Resolution: Manual verification of all 4 channel IDs. MetLife flagged as youtube_available: False in config, automatically skipped by the YouTube collector. This asymmetry (3 brands with YouTube, 1 without) became a structural feature of the analysis, not a limitation to hide.
YouTube data used Korean names (삼성생명, 한화생명), while VoC data used English keys (samsung, hanwha). This caused brand splits in staging — the same brand appeared as two entries.

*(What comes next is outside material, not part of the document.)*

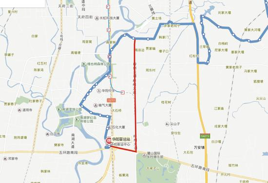 华阳客运站行驶至益州大道天府五街站站点不变,沿益州大道直行至天府一街,右转至地铁世纪城站。返程不变。

Resolution: Added BRAND_KR_TO_KEY mapping in the staging ETL, unified all downstream data to English keys. Detected during data quality check, fixed before full collection.

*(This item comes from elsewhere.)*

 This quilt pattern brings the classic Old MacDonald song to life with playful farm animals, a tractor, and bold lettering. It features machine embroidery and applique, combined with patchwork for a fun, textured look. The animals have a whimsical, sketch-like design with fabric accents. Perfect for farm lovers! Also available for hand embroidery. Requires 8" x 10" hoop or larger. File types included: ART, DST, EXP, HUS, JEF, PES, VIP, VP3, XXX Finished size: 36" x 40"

BERTopic discovered 43 topics (+ outlier topic -1). Options considered:
- Option A: Re-run with
--nr-topics 15to force fewer topics - Option B: Keep 43 and manually map to business-meaningful categories
Decision: Option B. Rationale: reducing topic count risks losing meaningful granular topics (e.g., health campaigns, retirement content). Manual mapping preserves discovery while enabling business-level analysis.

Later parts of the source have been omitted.